__THE DATA__
========================================

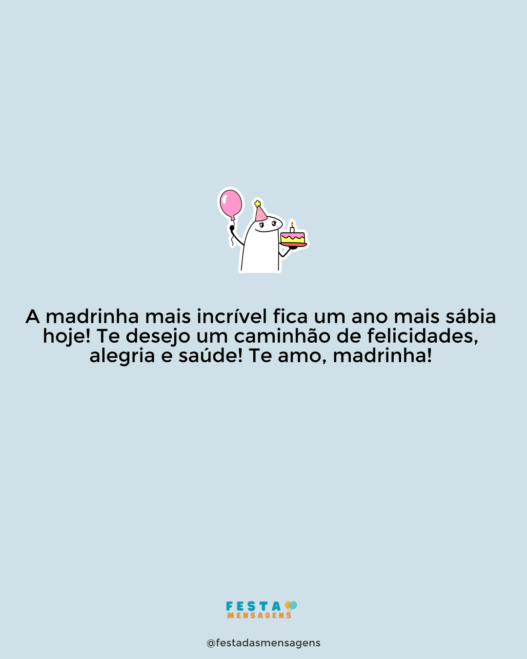 Hoje é o seu aniversário, querida madrinha, e quero lhe desejar não só um grande dia, mas todo um novo ciclo repleto de paz, amor e saúde. Você é muito importante para mim e só posso lhe agradecer por ser essa pessoa maravilhosa que está sempre pronta para me apoiar, com quem eu posso contar para tudo. Que Deus abençoe sempre você e ilumine os seus passos! Desejo um feliz aniversário com todo o meu amor!
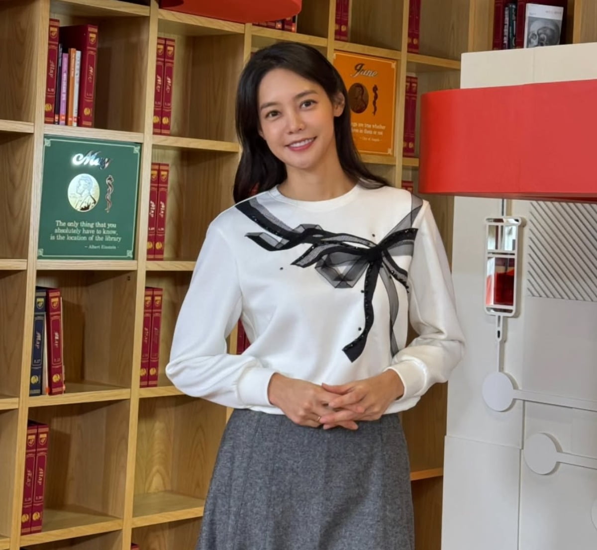 안현모는 흰색 라운드넥 긴팔 티셔츠에 검은색 리본과 스터드 장식이 포인트인 디자인 상의를 착용하고 회색 A라인 미디스커트를 매치해 단정하면서도 여성스러운 스타일링을 완성했다.
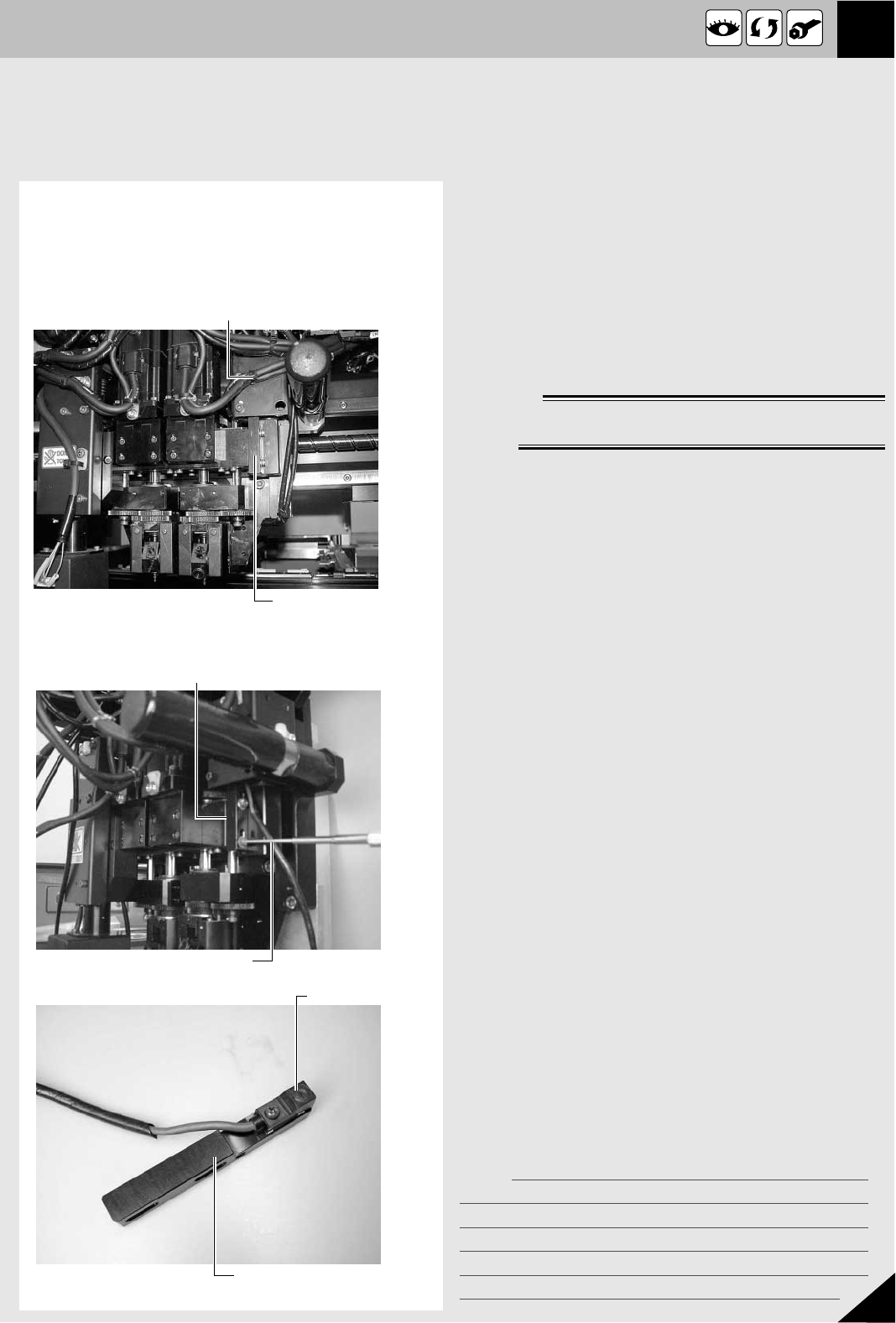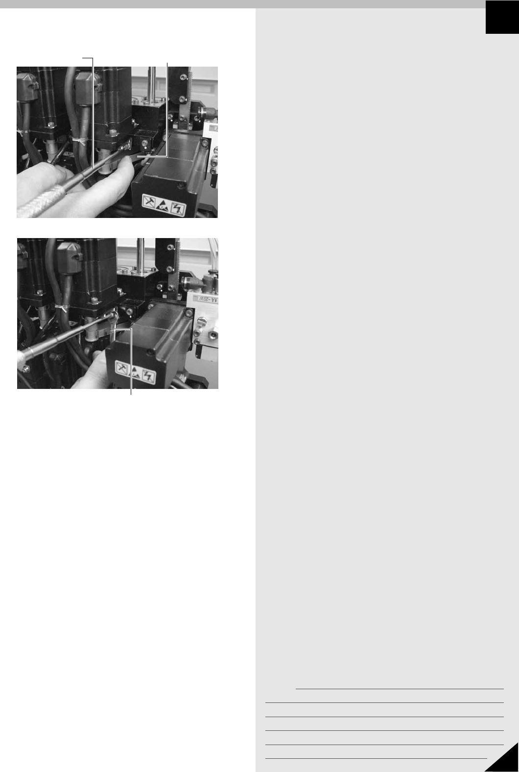 メモ 22 2 Section JMC4011102 5. N 軸ベルトの交換 Step 12-1 Step 12-2 5.5mmスパナ ベルトテンションを確認する 六角レンチ (2.5) w ベルトのテンションを張ります。 1 . 六角レンチ (2.5) でベルトテンショナーボルトを ゆっくり締めていきます。 ベルトの中央部を押して弾力 ( 3 ∼ 5 m m 程度のた わみ) があることを確認してください。 2 . 六角レンチ…

========================================

__BRIEF__
Nothing should be printed except the lines from the one with "안현모는 흰색 라운드넥" through the last line of the listing above, both ends included; please drop the pictures.

__ANSWER BELOW__
 안현모는 흰색 라운드넥 긴팔 티셔츠에 검은색 리본과 스터드 장식이 포인트인 디자인 상의를 착용하고 회색 A라인 미디스커트를 매치해 단정하면서도 여성스러운 스타일링을 완성했다.
 メモ 22 2 Section JMC4011102 5. N 軸ベルトの交換 Step 12-1 Step 12-2 5.5mmスパナ ベルトテンションを確認する 六角レンチ (2.5) w ベルトのテンションを張ります。 1 . 六角レンチ (2.5) でベルトテンショナーボルトを ゆっくり締めていきます。 ベルトの中央部を押して弾力 ( 3 ∼ 5 m m 程度のた わみ) があることを確認してください。 2 . 六角レンチ…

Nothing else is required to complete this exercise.